Freedom Center
This article is from the archive of The New York Sun before the launch of its new website in 2022. The Sun has neither altered nor updated such articles but will seek to correct any errors, mis-categorizations or other problems introduced during transfer.

The proposition that new institutions devoted to freedom can flourish in Lower Manhattan after September 11, 2001, is a fundamental one for the editors and owners of this newspaper, whose parent company was founded in October of 2001 and which shortly thereafter rented a newsroom a few blocks from ground zero. So it is with sadness that we learned last evening that the International Freedom Center, a museum and center dedicated to freedom, has decided to fold its tent after Governor Pataki declared that the center “cannot be located on the Memorial quadrant” of the ground zero site. “We consider our work,” the center said in an unsigned statement last night, “to have been brought to an end.”

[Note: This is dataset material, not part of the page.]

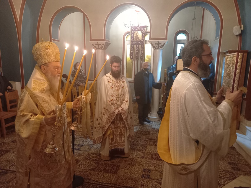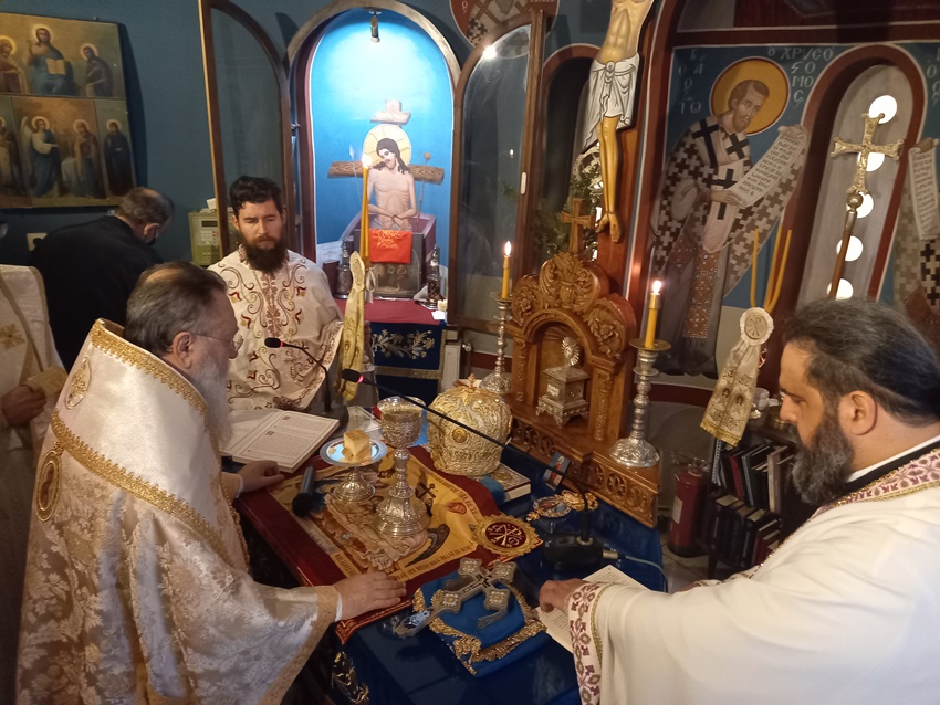 Στο Μητροπολιτικό Παρεκκλήσιο της Αγίας Φωτεινής της Σαμαρείτιδος στην Κόρινθο, λειτούργησε σήμερα Τρίτη, 18 Ιανουαρίου 2022, ημέρα μνήμης των Αγίων Ιεραρχών Αθανασίου του Μεγάλου και Κυρίλλου, Πατριαρχών Αλεξανδρείας, ο Σεβασμιώτατος Μητροπολίτης μας κ. Διονύσιος πλαισιούμενος από τους εορτάζοντες Πανοσ. Αρχιμ. π. Αθανάσιο Πέζο, Ηγούμενο της Ι Μονής Αγίου Γεωργίου Φενεού, Αιδεσ. Πρωτ/ρο π. Αθανάσιο Κοντογιάννη και τους Διακόνους π. Δαμασκηνό Γεννηματά και π. Γεράσιμο Λάμπο.
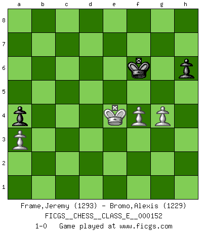 Last move : 1-0 2012 May 24 5:58:50 [Event "FICGS__CHESS__CLASS_E__000152"] [Site "FICGS"] [Date "2012.05.20"] [Round "1"] [White "Frame,Jeremy"] [Black "Bromo,Alexis"] [Result "1-0"] [WhiteElo "1293"] [BlackElo "1229"] 1.e4 c6 2.d4 d5 3.exd5 cxd5 4.Bd3 Nc6 5.c3 Nf6 6.Bf4 Bg4 7.Nf3 e6 8.O-O Bd6 9.Bxd6 Qxd6 10.Nbd2 O-O 11.h3 Bh5 12.Be2 Rfe8 13.Ne5 Bxe2 14.Qxe2 h6 15.f4 a6 16.Ndf3 Nd7 17.Rae1 f6 18.Nd3 b5 19.Qd2 a5 20.Re3 b4 21.Rfe1 bxc3 22.bxc3 f5 23.Qe2 Kf7 24.Nfe5+ Ncxe5 25.Nxe5+ Nxe5 26.Rxe5 Ra6 27.Qh5+ Kf8 28.Qg6 Qd7 29.Rxf5+ exf5 30.Rxe8+ Qxe8 31.Qxa6 Qe1+ 32.Kh2 Qxc3 33.Qd6+ Kg8 34.Qxd5+ Kh8 35.Qxf5 Qxd4 36.Qf8+ Kh7 37.a3 Qf6 38.Qxf6 gxf6 39.g4 Kg6 40.Kg3 a4 41.Kf3 f5 42.Ke3 fxg4 43.hxg4 Kf6 44.Ke4 1-0 Caro-Kann : Exchange, Rubinstein variation Kingside Castling by player White (move 8) Kingside Castling by player Black (move 10) 10 pieces endgame at move 38 : White KQPPPP , Black KPPP WHITE : King + 1 Queen 4 Pawns BLACK : King + 3 Pawns 9 pieces endgame at move 38 : White KPPPP , Black KPPP WHITE : King + 4 Pawns BLACK : King + 3 Pawns 8 pieces endgame at move 42 : White KPPP , Black KPPP WHITE : King + 3 Pawns BLACK : King + 3 Pawns 7 pieces endgame at move 43 : White KPPP , Black KPP WHITE : King + 3 Pawns BLACK : King + 2 Pawns Player White won this chess game. Follow this game move after move (download)Chess is imagination. (David Bronstein) Lisa Lane, amerikanische Schachmeisterin, hatte Fischer einmal als stärksten lebenden Spieler bezeichnet. Antwort: Das ist richtig, aber Lisa Lane ist eigentlich nicht in der Lage, das zu beurteilen. (Robert James Fischer) Te sientas frente a un tablero y repentinamente tu corazón brinca. Tu mano tiembla al tomar una pieza y moverla. Pero lo que el Ajedrez te enseña es que tu debes permanecer ahí con calma y pensar de que si realmente es una buena idea o de que si hay otras ideas mejores. (Stanley Kubrick) Aucun coup ne doit être joué sans but. (Pedro Damiano) It's not the will to win, but the will to prepare to win that makes the difference. (Bear Bryant)

The Freedom Center was not like a privately funded newspaper, of course; the Freedom Center was to be built with private money but on land owned by the Port Authority and would have received at least some other government funding. As the Freedom Center’s board and staff have now learned following Senator Clinton and Governor Pataki’s decisions to undercut the project, reliance on government funding and approval isn’t always conducive to freedom.
Still, they could press ahead. There’s a surfeit of commercial real estate available elsewhere at the ground zero site – so much that Governor Pataki was in Communist China last week trying to rent space to the various state-owned companies. The Freedom Center could rent some of the space that Larry Silverstein has available and already built at Seven World Trade Center, and it could be off to a running start.
While the center was at times naive or clumsy in its execution or presentation, it was admirably idealistic in its goal – a goal shared by President Bush and by so many Americans who hung flags after the attack – of making September 11, 2001, about more than just death and destruction, but about renewed patriotism and commitment to the freedom attacked on that day. There were some wonderful people involved with unalloyed commitments to freedom and impeccable ideological credentials. We speak of, to name but two, Natan Sharansky, the Israeli politician and former Soviet refusenik who is on the center’s board, and Richard Pipes, the historian of the Soviet Union who served in the Reagan administration and who is a professor emeritus at Harvard, where he taught us that the Bolsheviks were not real revolutionaries but a gang of self-serving thugs.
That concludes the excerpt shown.